Archived from groups: microsoft.public.windowsxp.security_admin (More info?)

If you're in a domain, the domain level policies should override any local policies, as far as I'm aware.

--
Doug Knox, MS-MVP Windows Media Center\Windows Powered Smart Display\Security
Win 95/98/Me/XP Tweaks and Fixes
http://www.dougknox.com
--------------------------------
Per user Group Policy Restrictions for XP Home and XP Pro
http://www.dougknox.com/xp/utils/xp_securityconsole.htm
--------------------------------
Please reply only to the newsgroup so all may benefit.
Unsolicited e-mail is not answered.

"Chris" <Chris@discussions.microsoft.com> wrote in message news:6B751E40-5AB7-4AD0-B573-87DCD51CC885@microsoft.com...
> Doug,
>
> Does this mean that even when the domain administrator logs into a computer
> where there is a local security policy set via gpedit.msc they will not be
> able to override any of the settings?

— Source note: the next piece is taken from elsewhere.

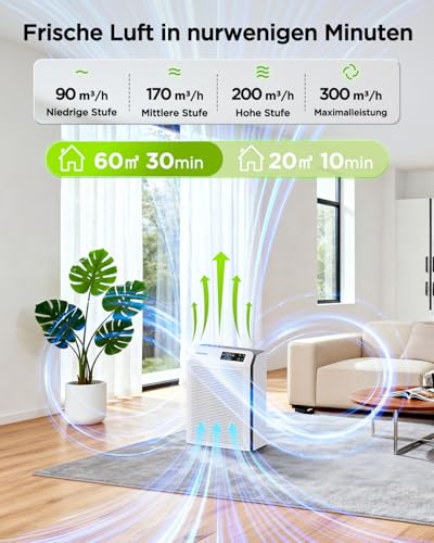 【Purificateur d’air Ganymede: débit de 20m³/h, jusqu’à 15 renouvellements d’air par Heure】Ce purificateur d’air atteint un débit d’air purifié (CADR) maximal de 300m³/h. Mode Turbo : débit de 20m³/h, jusqu’à 15 renouvellements d’air. Mode Élevé : CADR : 200m³/h, débit de 20m³/h, jusqu’à 10 renouvellements d’air. Mode Moyen : débit de 170m³/h, débit de 20m³/h, jusqu’à 8-9 renouvellements d’air. Mode Veille/Mode Bas : CADR : 90m³/h, débit de 20m³/h, jusqu’à 5 renouvellements d’air par heure.

How does the administrator manage the
> machine then?
>
> Thanks,
> Chris
>
> "Doug Knox MS-MVP" wrote:
>
>> Note, in a non-domain environment, restrictions set thru GPEDIT apply to all users on the computer.
>>
>> --
>> Doug Knox, MS-MVP Windows Media Center\Windows Powered Smart Display\Security
>> Win 95/98/Me/XP Tweaks and Fixes
>> http://www.dougknox.com
>> --------------------------------
>> Per user Group Policy Restrictions for XP Home and XP Pro
>> http://www.dougknox.com/xp/utils/xp_securityconsole.htm
>> --------------------------------
>> Please reply only to the newsgroup so all may benefit.
>> Unsolicited e-mail is not answered.
>>
>> "David H. Lipman" <DLipman~nospam~@Verizon.Net> wrote in message news:%23jzh7L0dFHA.3184@TK2MSFTNGP15.phx.gbl...
>> > From: "Dave" <professorchaos75@gmail.com>
>> >
>> > | Hello all,
>> > |
>> > | I'm trying to manually "lock down" a limited WinXP Pro users account.
>> > | I need to know how to apply the following restrictions in the Registry
>> > | (or some other method):
>> > |
>> > | No Control Panel
>> > | No Right-clicking on desktop
>> > | Cannot alter desktop in any way (i.e. no display settings)
>> > | No "Run" command
>> > | Cannot change computer clock
>> > | Force classic start menu
>> > |
>> > | Thanks.
>> >
>> > Group Policies
>> >
>> > Execute:
>> > %windir%\system32\gpedit.msc
>> >
>> > --
>> > Dave
>> > http://www.claymania.com/removal-trojan-adware.html
>> > http://www.ik-cs.com/got-a-virus.htm
>> >
>> >
>>
September 15, 2005 1:52:05 AM

Archived from groups: microsoft.public.windowsxp.security_admin (More info?)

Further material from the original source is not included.